With taking one hot encoding into account we can simplify this down to:

$$ L_i = -y_{i,k}\log(\hat{y}_{i,k}) $$

where K is the index of the correct class

In [9]:
class CategoricalCrossEntropyLoss:
    """Calculates the CCE loss for a given set of predictions.
    This method expect a softmax output and one-hot encoded label mask
    
    y_pred (np_array): matrix of confidence scores of the prediction
    y_true (np_array): matrix of one-hot encoded true lables of the classes
    """
    def forward(y_pred, y_true):
        # Clipping and applying one hot encoded labels as mask 
        # to zero out scores corresponding to incorrect classes
        # We clip to make sure that none of the reaming classes are 0 or 
        # exactly 1 
        clipped = np.clip(y_pred, 1e-7, 1 - 1e-7)
        corrected = np.sum(clipped*y_true, axis=1)
        # Taking the -ve log of the remaining confidence scores 
        negative_log = -np.log(corrected)
        return np.mean(negative_log)

    def backward(y_pred, y_true):
        """Backpropagation  of the CCE Loss

        Args:
            y_pred (np_array) array of predictions.
            y_true (np_array) array of correct labels.
        """
        return (-y_true/y_pred)/len(y_pred)

#### Testing CCE Loss

In [10]:
y_pred = np.array([[0.7, 0.1, 0.2], [0.1,0.5,0.4],[0.02,0.9,0.08]])
y_true = np.array([[1,0,0], [0,1,0], [0,1,0]])

loss_function = CategoricalCrossEntropyLoss
loss_function.forward(y_pred, y_true)

0.38506088005216804

## Defining Optimizers

### Stochastic Gradient Decent 

$$ \text{Update} = -\text{Learning Rate} \cdot \text{Gradient}$$

In [18]:
class SDG:
    """Stochastic Gradient Decent class used to update layer paramers
    The update is the -ve learning rate multiplied by the gradient calculated in the backward step.

    Attr:
        lr (float) Learning rate to scale the gradients by for the update
    """

    def __init__(self, learning_rate, decay) -> None:
        self.lr = learning_rate
        self.decay = decay
    
    def update(self, layers):
        """Update a layers parameters.
        """
        # pre update step

        for layer in layers:
            if type(layer) == LinearLayer:
                layer.weights += -self.lr*layer.d_w
                layer.bias += -self.lr*layer.d_b
            else:
                raise NotImplementedError(f'SDG does not support {layer.__class__}')

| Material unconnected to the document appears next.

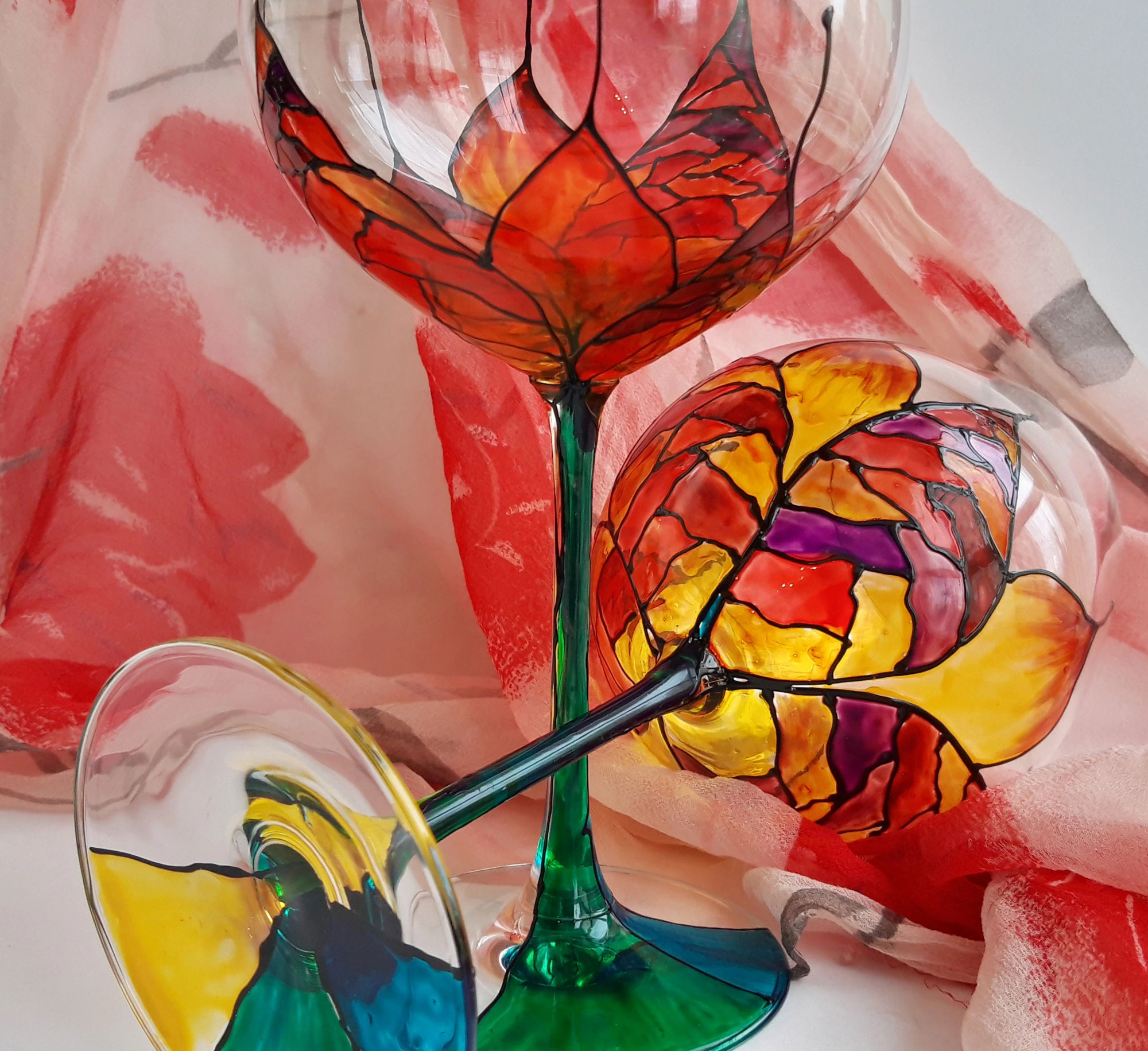 Рисувани чаши за вино - Цветни листа
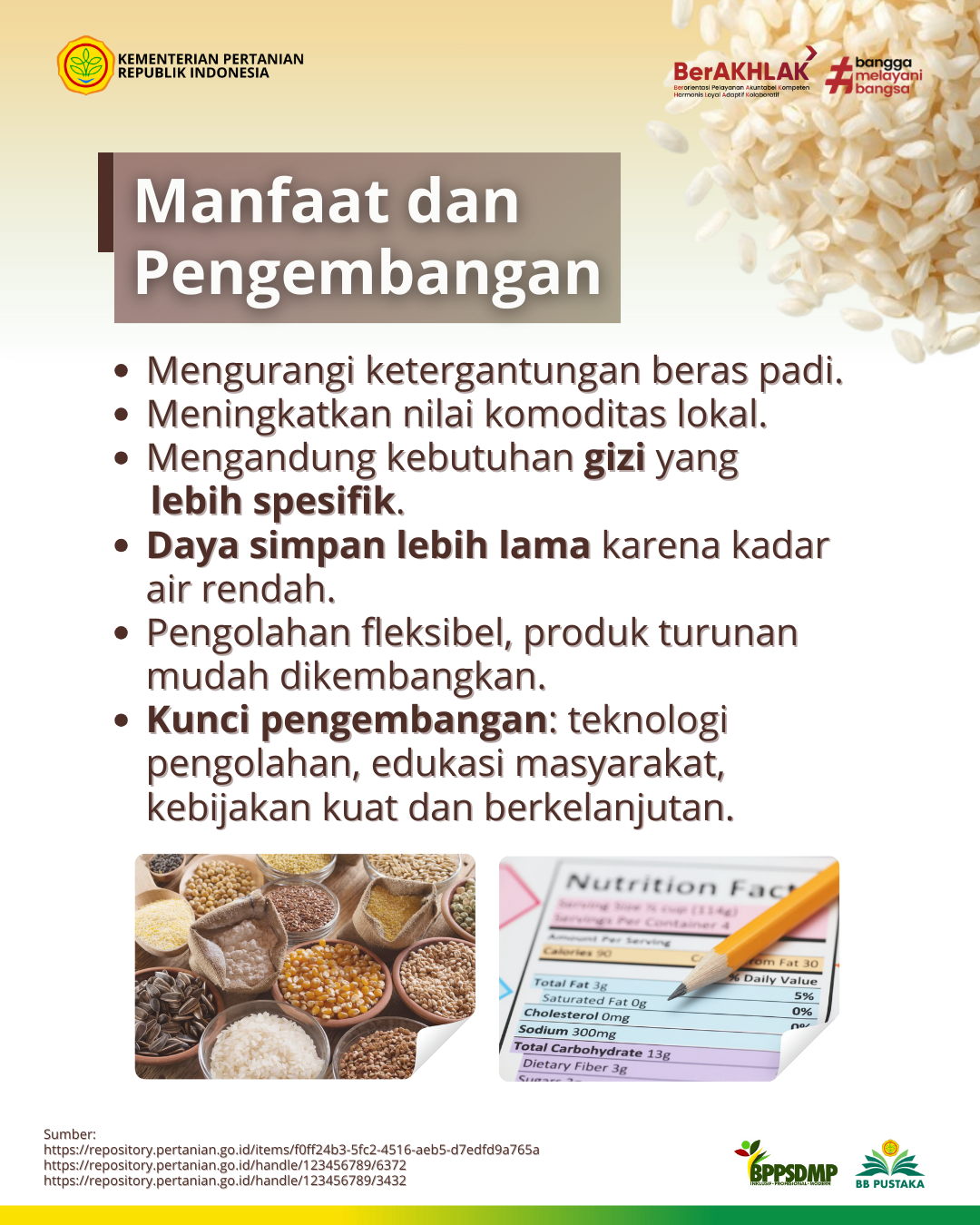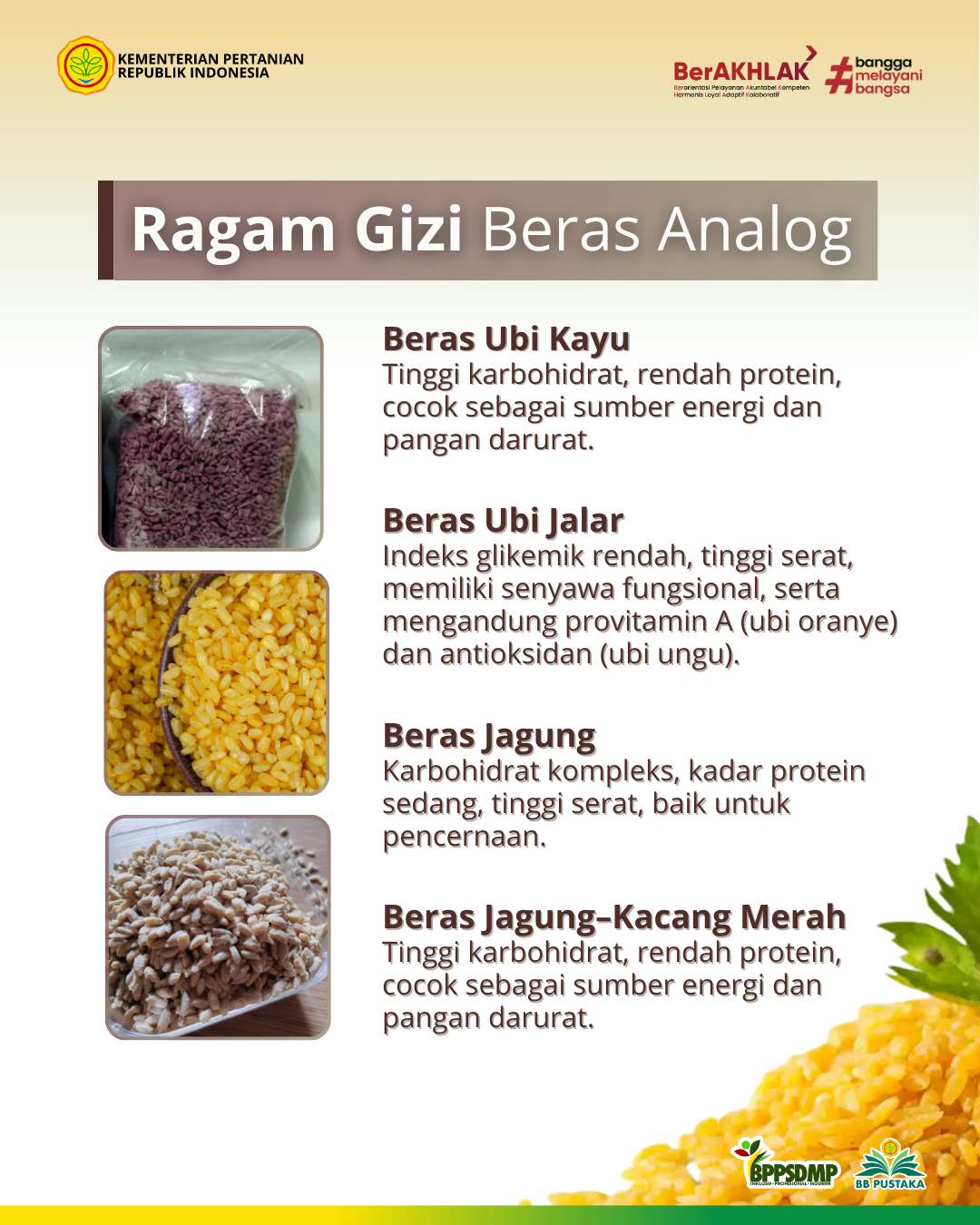 Inovasi beras analog akan memperkuat ketahanan pangan nasional melalui diversifikasi konsumsi dan pemberdayaan sumber daya lokal. Kolaborasi dan sinergi yang baik diperlukan untuk pengembangan ke depan sehingga beras analog menjadi pangan sehat berkelanjutan yang mandiri dan inklusif. (AM’2025)

## Defining Utility functions

### One-hot encoding function 

In [12]:
def one_hot_encode_index(y, n):
    return np.eye(n)[y]

#### Testing one hot masker

In [13]:
n=3
y_test = np.array([0,1,2, 1, 2])

one_hot_encode_index(y_test, n)

array([[1., 0., 0.],
       [0., 1., 0.],
       [0., 0., 1.],
       [0., 1., 0.],
       [0., 0., 1.]], dtype=float32)

### Define Accuracy 

In [14]:
def accuracy(y_pred, y_true):
    """Calculates the accuracy of a batch of predictions"""
    return np.mean(np.argmax(y_pred, axis=1) == np.argmax(y_true, axis=1))

## Integration Testing 

### Data initialization 

In [15]:
X, y = spiral_data(samples=100, classes=3)
y = one_hot_encode_index(y, 3)

### Network Setup

In [21]:
# Initializing Network Components 
relu = ReLU()
softmax = Softmax()
cce_loss = CategoricalCrossEntropyLoss
optimizer = SDG(0.85, 1e-2)
linear1 = LinearLayer(2, 64)
linear2 = LinearLayer(64, 3)

update_layers = [linear1, linear2]

n_epochs = 10000

for epoch in range(n_epochs + 1):
    # Forward Pass
    linear1.forward(X) 
    relu.forward(linear1.output)
    linear2.forward(relu.output)
    y_pred = softmax.forward(linear2.output)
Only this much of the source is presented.